Gaven nodded. “I feel as though the world is coming to a crucial moment, a…” He looked up at the ring of elemental water that churned in a circle around the Sea Tiger’s aftcabin, helping to propel the ship across the sea. “It’s like the moment when you turn an hourglass over and the sand starts running the other way. I don’t know if I can explain it any better than that. The Time of the Dragon Above has ended, the Storm Dragon made his appearance in history. And the Time of the Dragon Below is coming, with the rise of the Blasphemer. That means this is the Time Between.”
Rienne’s brow crinkled and she looked away. “And what happens in the Time Between?”
“That’s the thing,” Gaven said, leaning against the bulwark. “I know some words of the Prophecy, a hint of their layers of meaning. But I don’t really know what they mean as a whole. When I was in Dreadhold, I dreamed all the time about the Storm Dragon and the Soul Reaver and the events of the Time of the Dragon Above. And I’ve had a few visions about the Blasphemer-terrible visions. The Time Between is a mystery to me.”
“What do you know of the Prophecy about the Time Between?” Rienne asked. Gaven could hear the trepidation in her voice.
“A great deal of blood,” he said. He closed his eyes, remembering the twisting tunnels of the Sky Caves of Thieren Kor. He could almost feel the stone beneath his fingertips. “‘Three drops of blood mark the passing of the Time Between.’ Three events involving bloodshed of some kind. ‘Ten eyes gaze brightly upon the City of the Damned,’ whatever that means. But I don’t know what it’s all about. I don’t know what I’m supposed to do any more.”
“So we’re going to Argonnessen to learn what the dragons say about the Time Between.”
“Right.” He looked back down at the water. The dolphins had abandoned their play, and there was only open ocean as far as he could see. “It’s strange,” he said. “For the better part of thirty years I was haunted by dreams-by nightmares about the fulfillment of the Prophecy. I lived the death of the Soul Reaver countless times, felt the monster’s tentacles clawing at my face and wriggling into my mouth-” He shuddered.
Rienne put a gentle hand on his back.
“Now the dreams are gone,” he said, “and some part of me misses them.”
“Because you were so used to them?”
“Not just that. It also gave me a much better sense of what I was doing-it gave me a purpose, a goal, even something like a plan, though I often felt-”
“Like you were writing the script as you went along?”

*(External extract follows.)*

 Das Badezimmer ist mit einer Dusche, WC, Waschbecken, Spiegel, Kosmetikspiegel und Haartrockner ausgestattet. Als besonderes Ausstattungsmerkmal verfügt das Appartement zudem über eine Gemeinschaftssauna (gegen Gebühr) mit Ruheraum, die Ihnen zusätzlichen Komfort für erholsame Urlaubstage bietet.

“Exactly. But at least I had an idea of where the play was heading. Now I don’t even have that.”
“So that’s what you’re hoping to find in Argonnessen?”
“I suppose it is.” He turned and smiled at her. “But this time without the nightmares.”

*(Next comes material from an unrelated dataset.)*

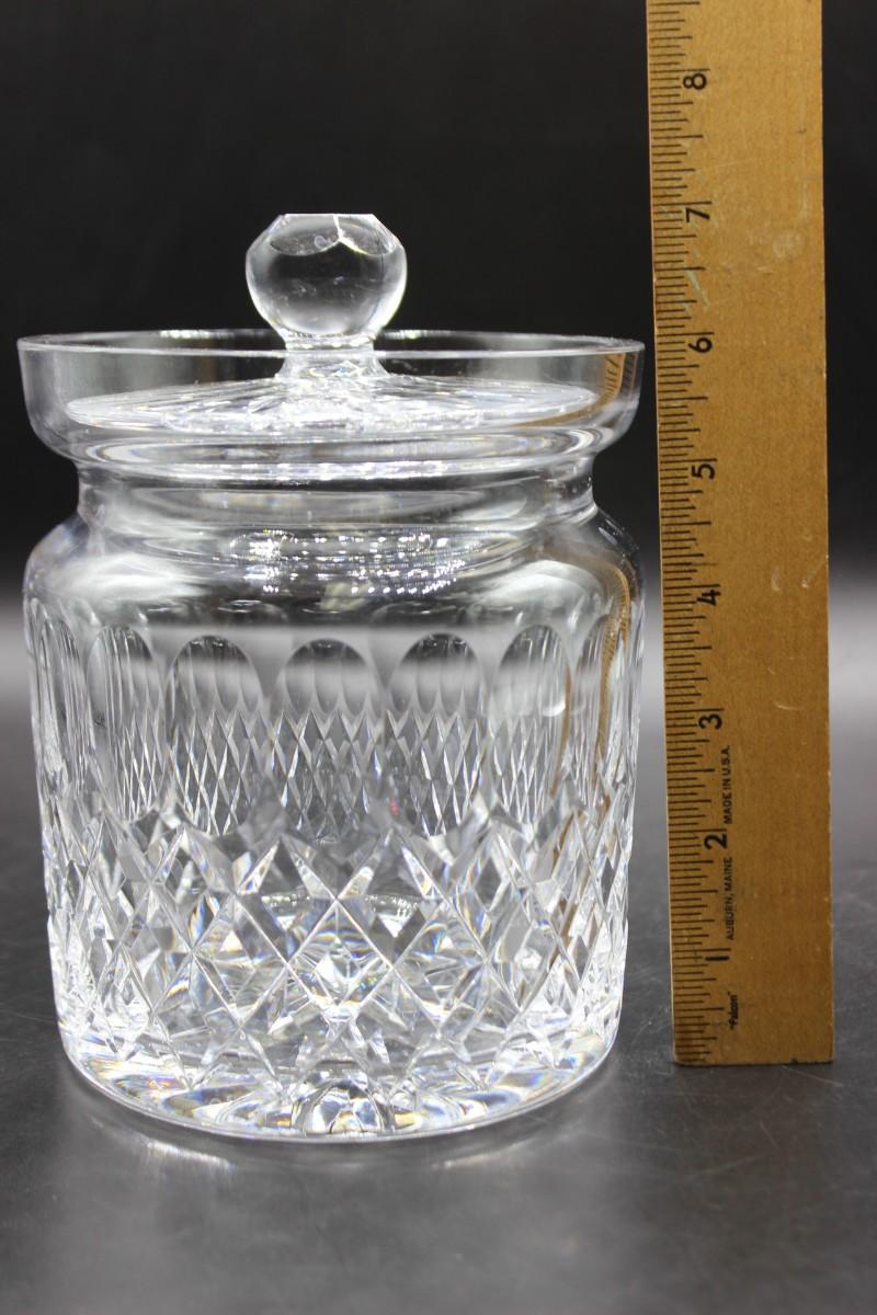 The Waterford watermark is on the base of the jar, but there is no significant damage and is in good collectible or useable condition.

Even as the words left his mouth, he remembered a dream that had haunted his sleep on the lightning rail. A blasted canyon, a wound torn into the earth. Dragonfire fueling a great furnace. A blast of fire jetting up to engulf him.
“What is it?” Rienne asked.
“Just a headache,” he said, forcing the smile back on his face. “Too much glare off the water. Let’s go below.”
“Land ho!”
In the aft cabin, Gaven looked up from the charts spread out before him and smiled at Jordhan.

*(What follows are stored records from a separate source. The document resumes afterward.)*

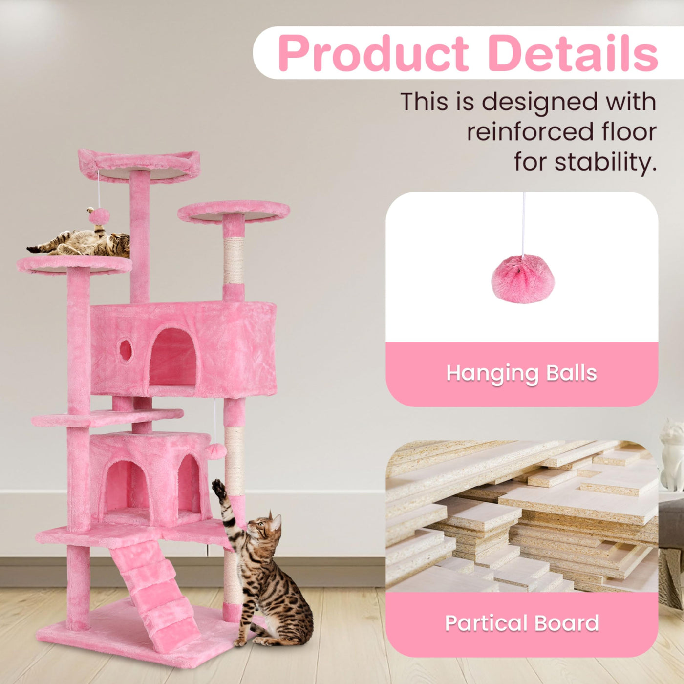 Maximize Playtime And Health With Our Durable Cat Climbing Towerour Cat Tree Tower Is The Perfect Addition To Your Indoor Cat Playground.Designed For Durability And With Multiple Levels, This Robust Cat Climbing Tower Serves As Both A Vigorous Play Area And A Secure High Perch.Regular Activity On This Tower Helps Maintain Your Cats Physical Health And Mental Alertness, Essential For Any Indoor Pet.This Essential Piece Of Cat Supplies Supports Their Natural Behaviors In A Safe And Enjoyable Environment.Comfort Meets Convenience: Plush Retreat For Cats And Ownersoffer Your Cat A Luxurious Spot To Unwind With Our Cat Shelves.Outfitted With Plush, Inviting Surfaces, This Cat House Integrates Seamlessly Into Any Room, Allowing Your Cat To Relax In Comfort Without Sacrificing Your Living Spaces Style.Ideal For Placement In A Living Room Corner, This Pink Cat Tree Keeps Your Cat Close For Bonding Moments, Enhancing Your Connection As They Snuggle Into Their Cozy Nook-Your Furniture Free Of Fur.Elegant Design That Enhances Any Decorour Large Cat Tree Isnt Just Functional-Its Designed To Be A Visually Appealing Part Of Your Home Decor.The Elegant Pink Hue And Sleek, Modern Design Blend Beautifully With Any Interior, Elevating The Style Of Your Space While Providing Your Cat With A Stimulating Environment.This Tall Cat Tree Fits Perfectly Into Your Lifestyle, Offering A Safe And Attractive Cat Accessory For Indoor Cats That Enriches Your Home Life And Keeps Your Feline Friend Engaged And Happy.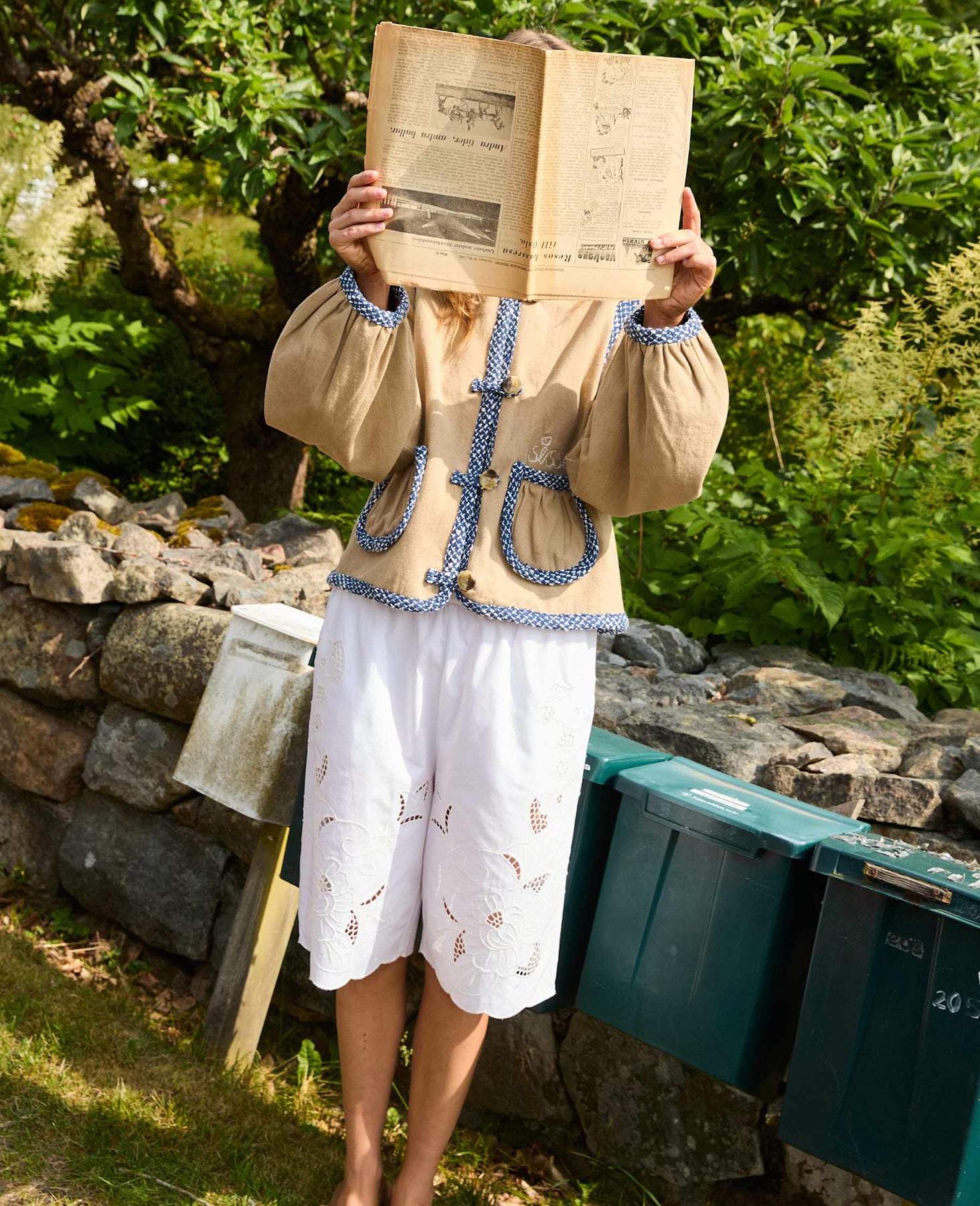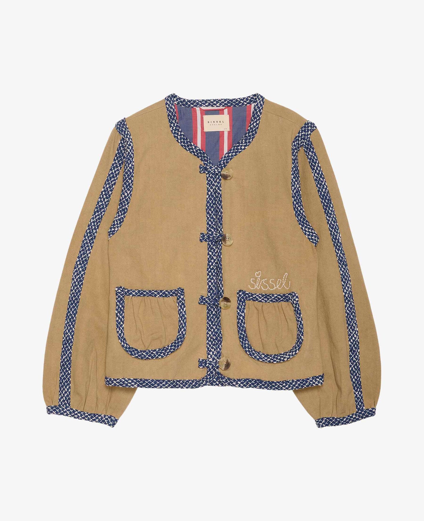 Jas van Sissel Edelbo in zandkleurige katoenen twill met blauwe, dessinrijke boucléranden langs de kraag, mouwen en zakken.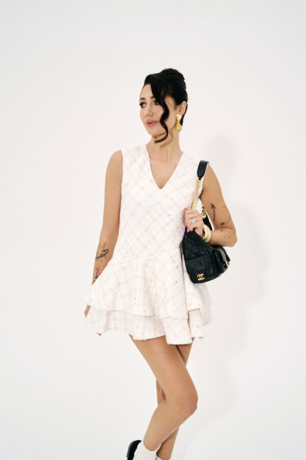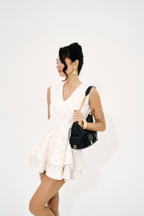 The Tweed Sculpture Mini Dress/Pastel Mosaic – struktūrinė tvido suknelė, išsiskirianti savo architektūriniu peplum siluetu.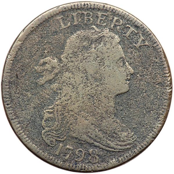 1798 S-149 R4+ Style I Hair with Large 8 G5. Several points sharper but covered with very fine porosity. No marks or verdigris. The date and legends are complete and clear. Dark steel and olive with lighter steel brown toning on the devices. EDS, Breen state I, prior to any swelling at OF.
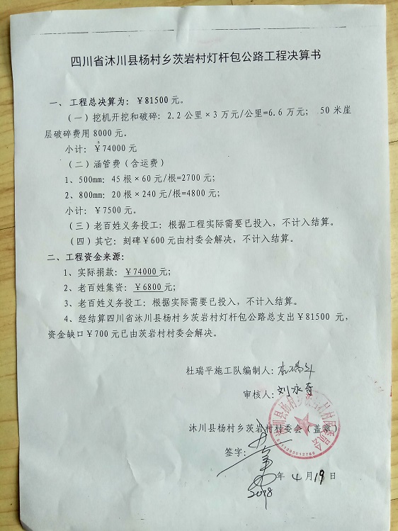 (5)修路预算分好几部分,有挖掘机、涵管、炸药爆破(山崖需要爆破)、堡坎、村民义务工、征地等。修路,我们不全包,我们出一大部分钱:挖掘费用、山崖爆破等。村民出义务工、涵管、征地费、村民小额集资。
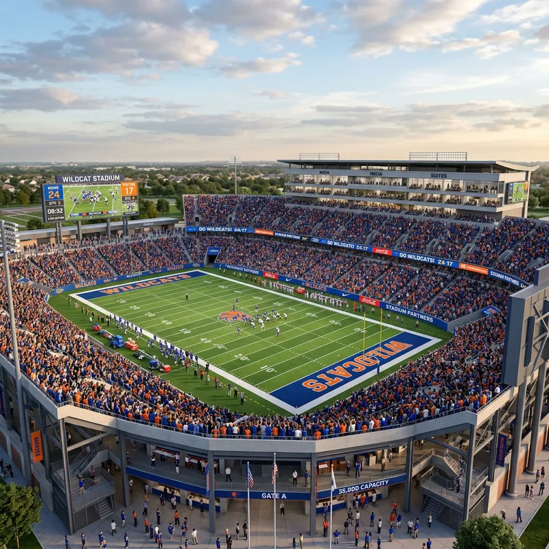 Small 35,000 seat nfl style outdoor stadium with press boxes, video ribbons and video boards.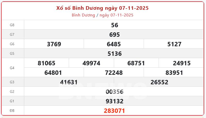 Kết quả xổ số Bình Dương ngày 7/11/2025

“Well done,” he said. “Your prediction was dead on.”
Jordhan walked to the hatch and peered out at the sailors on deck. “I told you, I know the sea,” he said, “and after all these years I hope I know how to read a chart.”
“As far as they go,” Rienne said, still frowning at the charts. They traced the outline of a large island and two smaller ones to its north, then a longer coast that Jordhan said was the mainland.